Join us at the Orphanage for our first art exhibition:
Capturing Rural Colorado…
The Photography of Matt Vincent
Opening reception – March 30, 2019 – 3-7pm
Wine, Beer, Hors d’oeuvres, meet the Photographer
Exhibition runs March 31 through April 30
About the Photographer:
“Capturing Rural Colorado” is a visual celebration of rural life and landscapes from local writer and photographer Matt Vincent, a fifth-generation native of Yuma, who graduated from Yuma High School in 1975 and from the University of Colorado School of Journalism in 1980.
In 1982 he moved to southeast Texas and was hired as an outdoor writer by the Houston Post. There, he began photographing and freelance writing for outdoor publications like Gulf Tide, Texas Fisherman, Field & Stream and Outdoor Life. In 1999 the American Sportfishing Association recognized him as the nation’s top outdoor communicator for his body of work as editor of BASS Times, a publication he designed and created for the Bass Anglers Sportsmen Society.
After retiring from ESPN Outdoors in 2005, he poured his free time into outdoor photography and writing about local and regional history. For the past seven years he has served as a volunteer for the Yuma Museum, providing historical content for the museum’s Facebook Page. Recent articles written by him have also appeared in Wild West Magazine, Nebraska Life and Colorado Life and his photography has been published in several national magazines, as well.
In his spare time, he travels the back roads of rural Colorado, looking for things to shoot – with his Canon camera, of course.

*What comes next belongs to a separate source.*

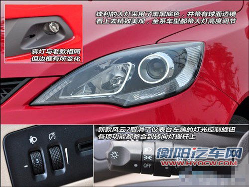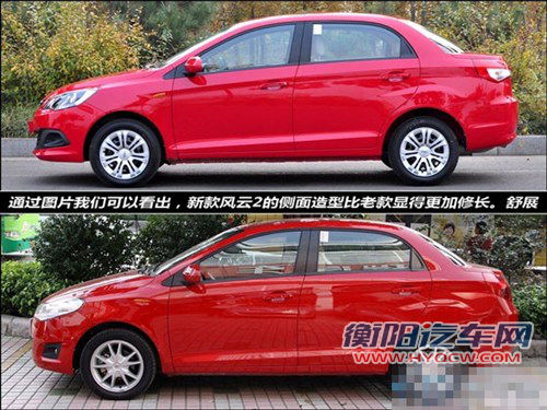 2013款风云2重点对外观和内饰进行了改进,车头部分,新款风云2线条更加锋利硬朗,黑色上下格栅与引擎盖棱线透出很强的力量感。车尾部分新款风云2采用了时下流行的横置尾灯,同时保险杠的造型也更加简洁明快,整体感觉更加大气协调。受首尾造型变化的影响,新款风云2的侧面造型也比老款看上去更加修长,舒展,不再像老款那样生硬。
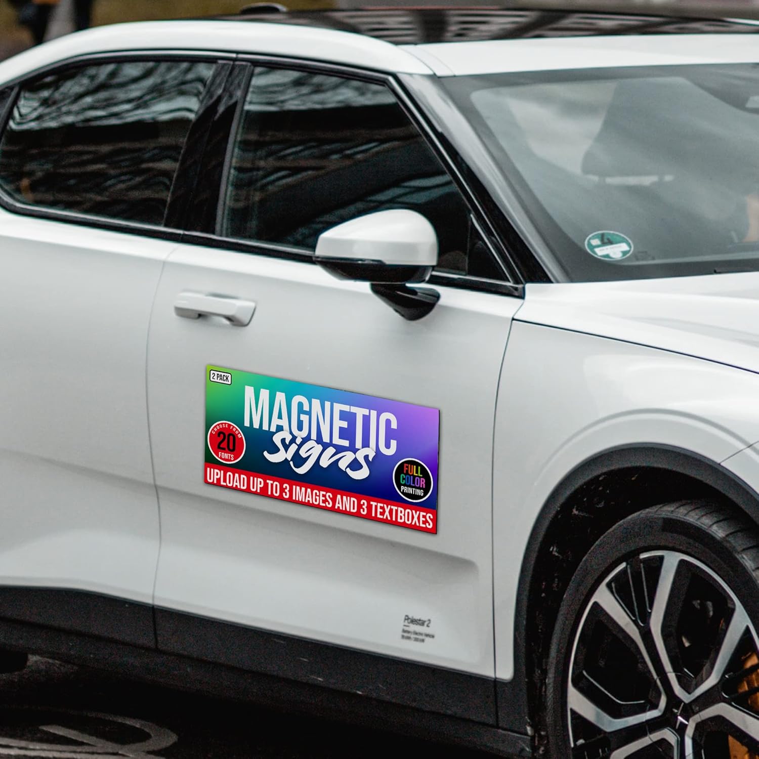 - CUSTOM CAR MAGNET - Promote your business on the go with our 12"x24" custom car magnets. Personalize with your logo, text, or design. These magnetic signs are great for branding cars, trucks, trailers, and storefront doors.

“Hopefully, these photographs will remind us about how fortunate we are to occupy this amazing place on the plains and why we call ourselves ‘flatland proud.’
“Thousands of people either fly over or drive through the eastern half of Colorado every day. In the process they never really see the full beauty of the plains. Best advice I could give them: Put your foot on the brake, man. You might be pleasantly surprised by what you find between Kansas and the Rocky Mountains.”